Children's literature is a remarkable area of writing and a growing area of study. In the history of children's literature, Hunt (2005) identifies fantasy, warmth and security as key characteristics of children's literature. Oittinen (2000, p.168) emphasizes the impact that the translator's view of childhood has on his or her translation. She believes that the translators of children's literature should reach out to the children of their own culture; they should understand the realm of childhood, the children around them and the child in themselves.
Concerning the importance of the young readers as the valuable national asset, translating children's literature is a very significant task. Ghesquiere (2006) wonders if children's literature needs translation. She (2006) answers that since a large group of children seems to enjoy children's books, they play a role in the development of a positive reading attitude and she assumes that they motivate the more reluctant readers towards reading.
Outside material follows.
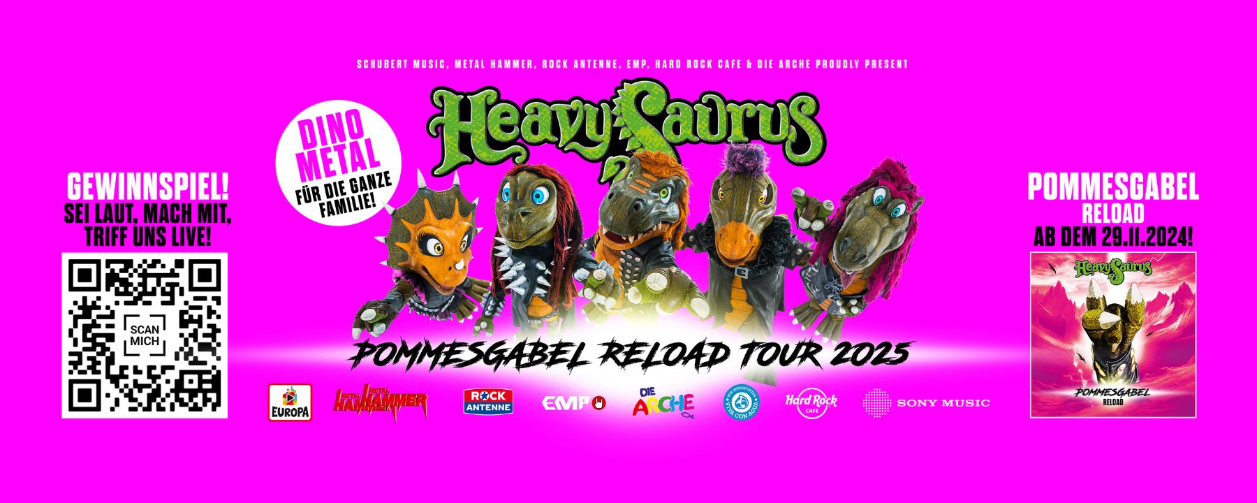 Weil alle – ob Mensch, Dino oder Drache – so viel Spaß dabei haben, wird die „POMMESGABEL TOUR" verlängert: Gleich im Januar 2025 geht es weiter für HEAVYSAURUS (und die fünf Profimusiker, die in den coolen Dino-Kostümen stecken und live spielen). Die 3- bis 11-Jährigen und ihre Begleiter jeden Alters können sich auf ein einzigartiges Konzerterlebnis freuen: Eine Band mit richtigen Instrumenten auf großer Bühne, mit Lichtspektakel, Nebel, Funkenregen, Luftballons und Konfetti. Und natürlich mit den Songs, die viele Kinder (und Eltern) jetzt schon mitsingen können, wie „Kaugummi ist mega!" oder „Rarrr", der von vielen lachenden Mündern gerne laut mitgerufene Schrei der Dinos.

Translation has therefore played an important role in children's literature. One of the problems any translator has to face, in all text, in this case children's literature, independently of the theme or subject he/she be working on is the translation of proper names. Longman Dictionary of Language Teaching and Applied Linguistics (C.Richards & Schmidt, 2002, p.429) defines the proper name as "a name which is the name of a particular person, place, or thing. Proper nouns in English are spelt with an initial capital letter". One of the questions which usually addresses the notion of "proper names" in any language is whether these should be translated or not. As a matter of fact, the same text, just intended for a different audience, may require the translation of proper names in one case and the conservation of them in another. According to Newmark (1993, p.15) proper names are a translation difficulty in any text. In literature it has to be determined whether the name is real or invented. ”. Van Coillie (2006, p.123) points out “that names are sacred, but not so in children's books, where there seems to be a widespread habit of adapting names to the target culture.” By the increased translation of children's literature in Iran, Iranian children and youngsters are used to reading translated books but with unfamiliar foreign names.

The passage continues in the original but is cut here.